The Institute also recognizes the critical role that the private sector plays in energy R&D.  Indeed, nearly two-thirds of all R&D conducted in the United States is done by the private sector.  The R&D tax credit has been an important financial incentive for businesses to invest more in important research.  But the on-again, off-again nature of the tax credit has made R&D planning for businesses more difficult.  Therefore, we are calling on Congress to make the R&D tax credit permanent so that companies have greater certainty to plan and implement R&D programs.

New technologies and new investments cannot happen without capital.  Securing our energy future is undoubtedly tied to the degree with which we can formulate capital at an accelerated rate.  This could pose a challenge in a strong investment climate, and thus will certainly prove to be difficult in these trying economic times.  But it is critical that we generate this capital.

To generate capital for energy projects, the Institute is calling for the establishment of a new Clean Energy Bank of the United States (CEBUS), a domestic entity modeled after the Overseas Private Investment Corporation and the Export-Import Bank.  CEBUS should have the authority to issue loans, loan guarantees, lines of credit, insurance, and other financial products and support the deployment of advanced energy technologies and products.  Ultimately, CEBUS could become self-sustaining by charging fees for its products and services.

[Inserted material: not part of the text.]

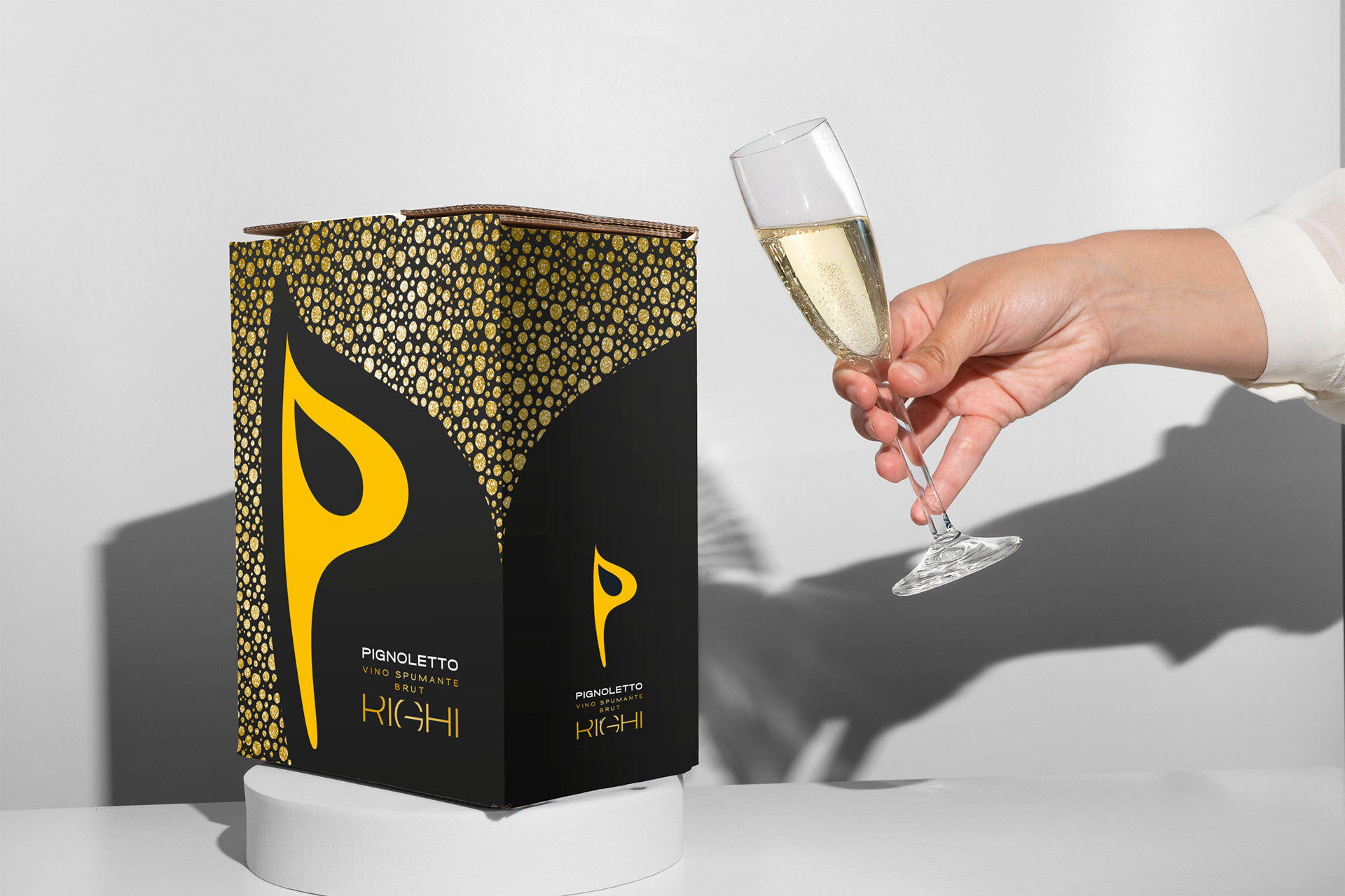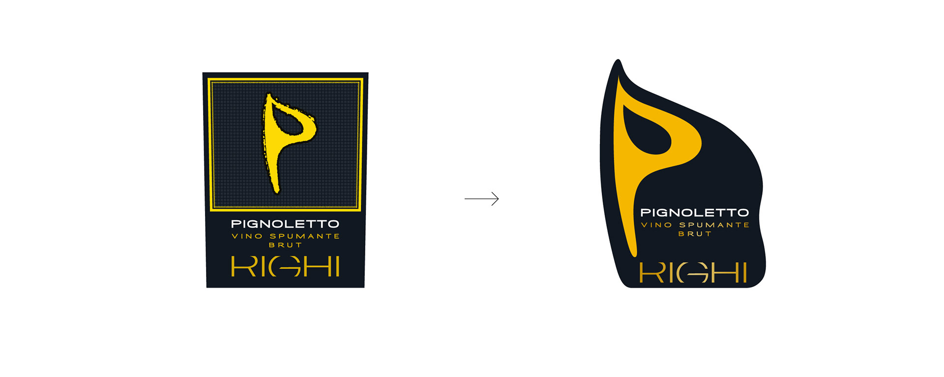 Una P ancora più protagonista che definisce l'etichetta stessa e la sua forma. Le curve sinuose e un utilizzo importante dell’oro abbinato al nero, rendono l’etichetta elegante con un pizzico di sensualità. La texture “bollicine”, ancora più presente sulla scatola, richiama la frizzantezza del vino.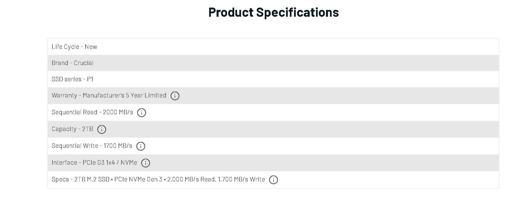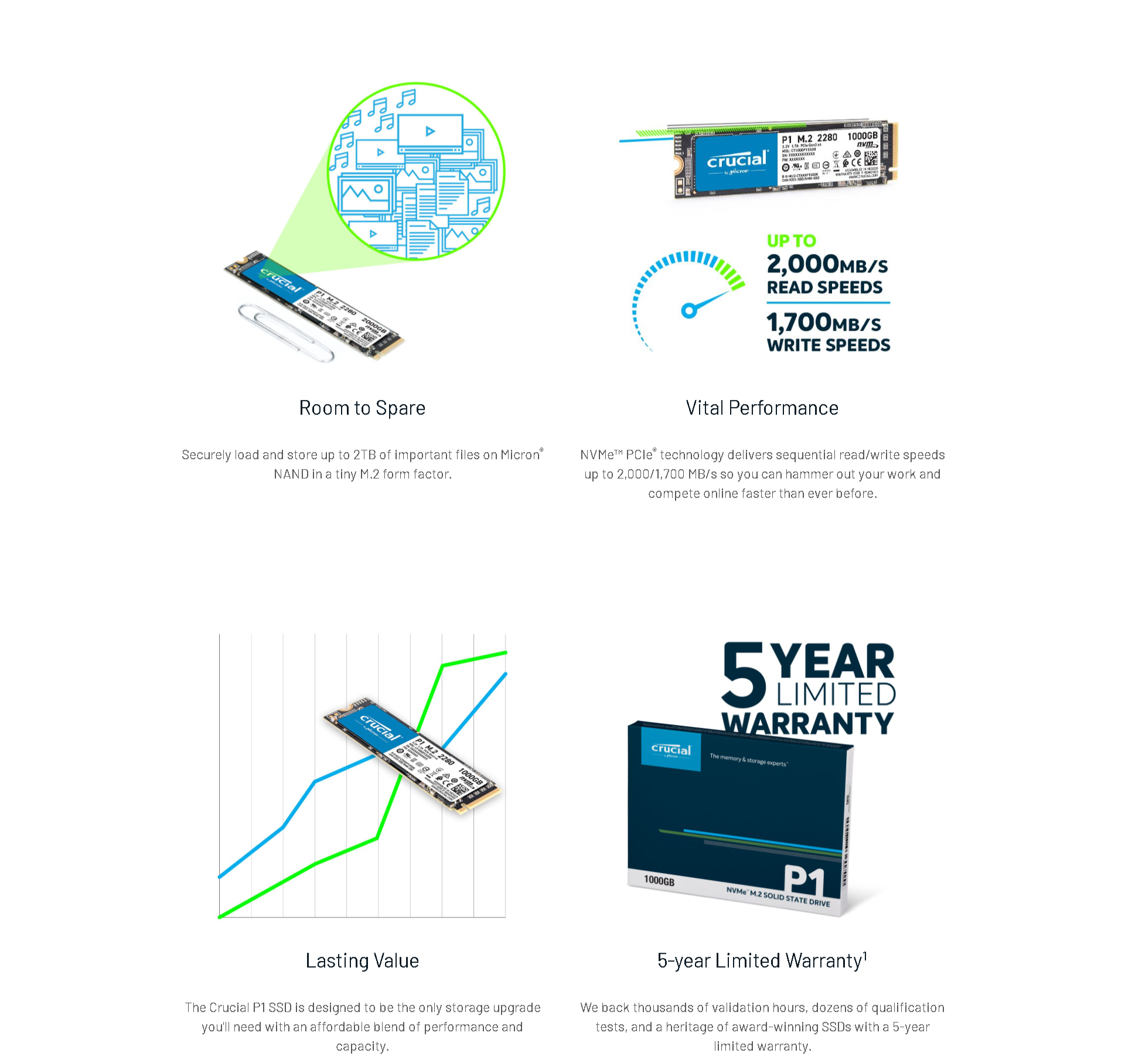 Crucial P1 2TB M.2 (2280) NVMe PCIe SSD - 3D NAND 2000/1700 MB/s Acronis True Image Cloning Software 5 yrs wty Ct2000P1Ssd8

Developing clean energy technology is critical, and goes hand-in-hand with the development of renewable sources of electricity.  Wind, solar, energy-from-waste, hydropower, geothermal, and biomass could all play an important role in meeting our demand for electricity, and could do so in a cost-competitive manner.

Renewable electricity, for example, already is enjoying robust growth.  Wind power is now the fastest growing source of electricity in the United States.  At the same time, renewable energy sources still only account for about nine percent of our overall electricity generation, and only about two percent if hydropower is excluded.  Here, again, is an area where greater R&D funding and support could help.

The Institute is calling on Congress to increase annual funding for wind, solar, geothermal, and ocean energy programs at DOE from the current level of about $250 million to $450 million per year.

Congress must also do more to stabilize the investment climate for the private sector.  The renewable energy tax credit can help incentivize the development and deployment of renewable sources of electricity, but there is no stability with the current program.  The renewable energy tax credits expired in 2000, 2002, 2004, and almost again in 2008.  This seemingly annual ritual of uncertainty has slowed capital formation, investments, and projects. 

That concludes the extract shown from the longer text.